→ **Data for this exercise**:
━━━━

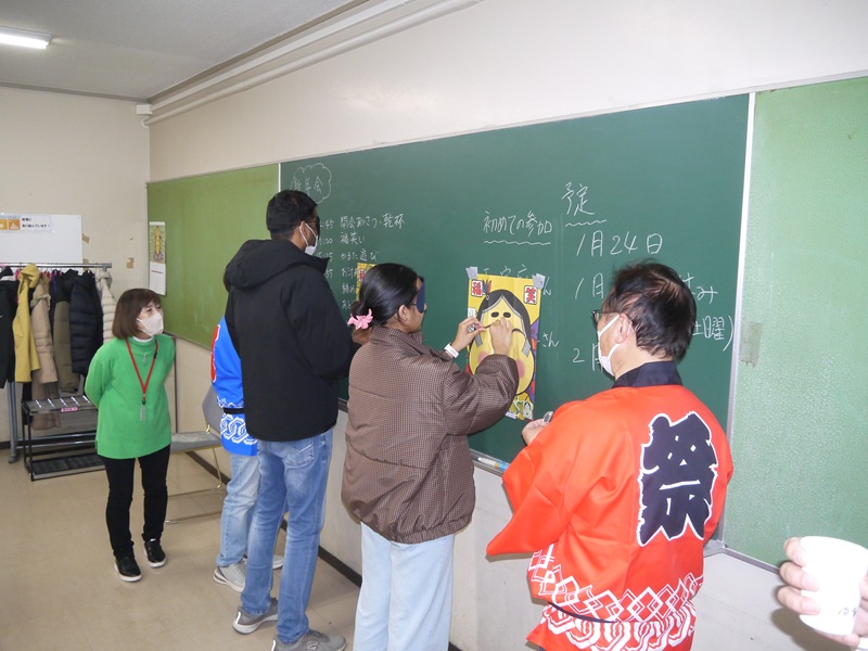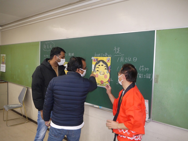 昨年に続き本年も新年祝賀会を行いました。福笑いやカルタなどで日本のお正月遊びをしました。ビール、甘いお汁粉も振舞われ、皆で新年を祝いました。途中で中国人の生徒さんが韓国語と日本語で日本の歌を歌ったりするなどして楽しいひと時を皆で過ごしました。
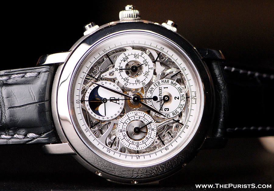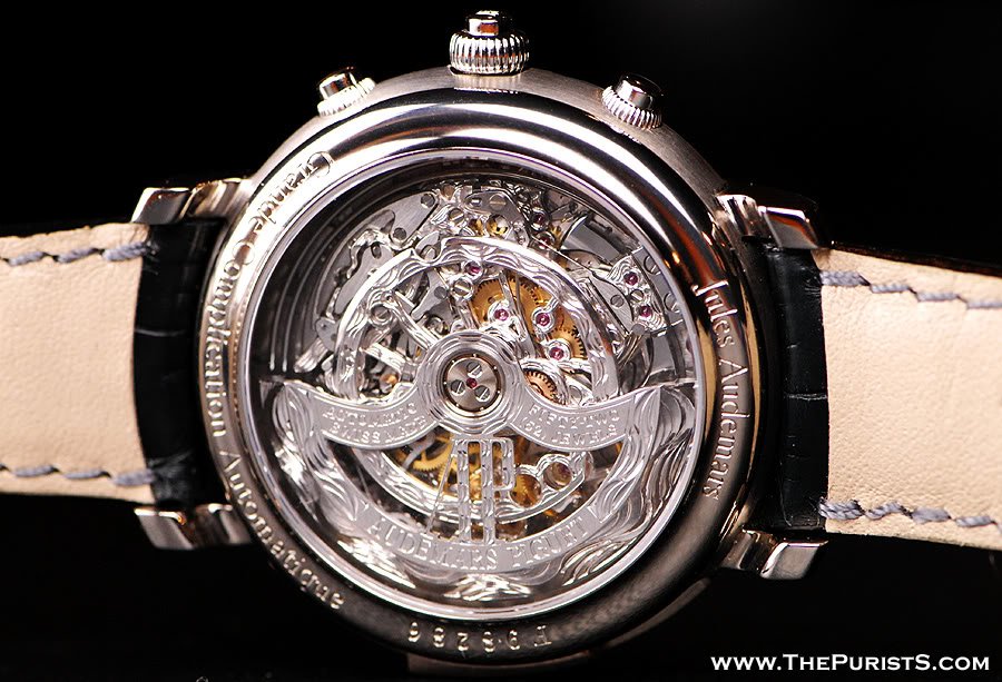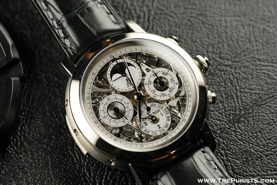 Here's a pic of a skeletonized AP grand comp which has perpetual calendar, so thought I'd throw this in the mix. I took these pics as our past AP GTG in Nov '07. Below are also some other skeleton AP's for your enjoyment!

━━━━

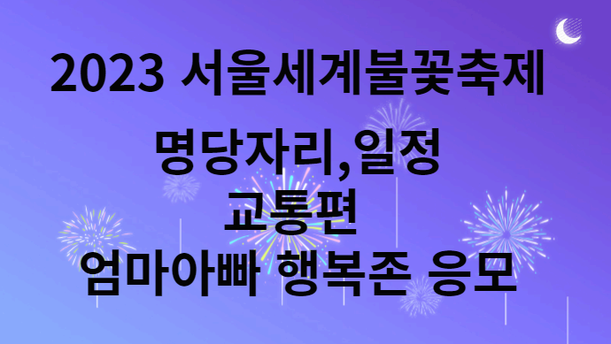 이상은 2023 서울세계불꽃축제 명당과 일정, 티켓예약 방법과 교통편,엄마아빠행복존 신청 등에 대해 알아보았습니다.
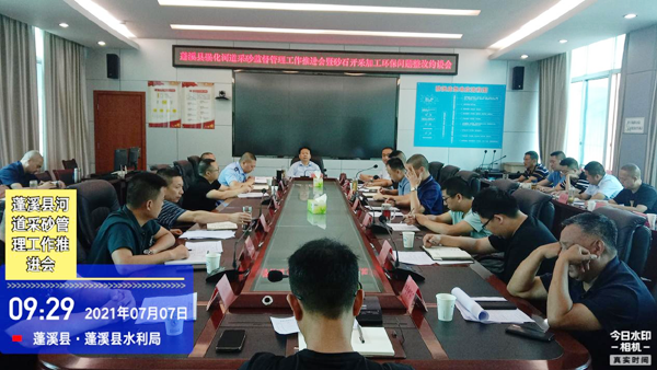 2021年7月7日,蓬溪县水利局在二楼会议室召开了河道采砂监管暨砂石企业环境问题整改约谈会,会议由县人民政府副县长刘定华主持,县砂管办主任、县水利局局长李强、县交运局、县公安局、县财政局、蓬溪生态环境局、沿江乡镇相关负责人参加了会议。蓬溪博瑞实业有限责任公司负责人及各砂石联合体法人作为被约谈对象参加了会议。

━━━━

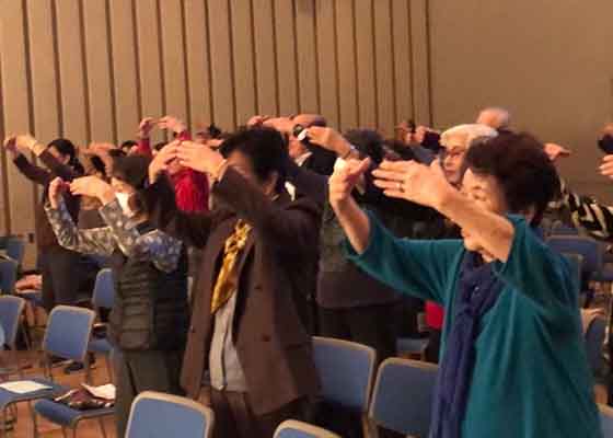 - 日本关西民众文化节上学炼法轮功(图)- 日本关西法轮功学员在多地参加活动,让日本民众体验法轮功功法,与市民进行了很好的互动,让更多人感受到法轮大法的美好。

━━━━

→ **Exercise aim**: The lines to reproduce run from the one above containing "昨年に続き本年も新年祝賀会を" through the one containing "Here's a pic". Copy them exactly and leave out all pictures.

→ **Final answer**:
 昨年に続き本年も新年祝賀会を行いました。福笑いやカルタなどで日本のお正月遊びをしました。ビール、甘いお汁粉も振舞われ、皆で新年を祝いました。途中で中国人の生徒さんが韓国語と日本語で日本の歌を歌ったりするなどして楽しいひと時を皆で過ごしました。
 Here's a pic of a skeletonized AP grand comp which has perpetual calendar, so thought I'd throw this in the mix. I took these pics as our past AP GTG in Nov '07. Below are also some other skeleton AP's for your enjoyment!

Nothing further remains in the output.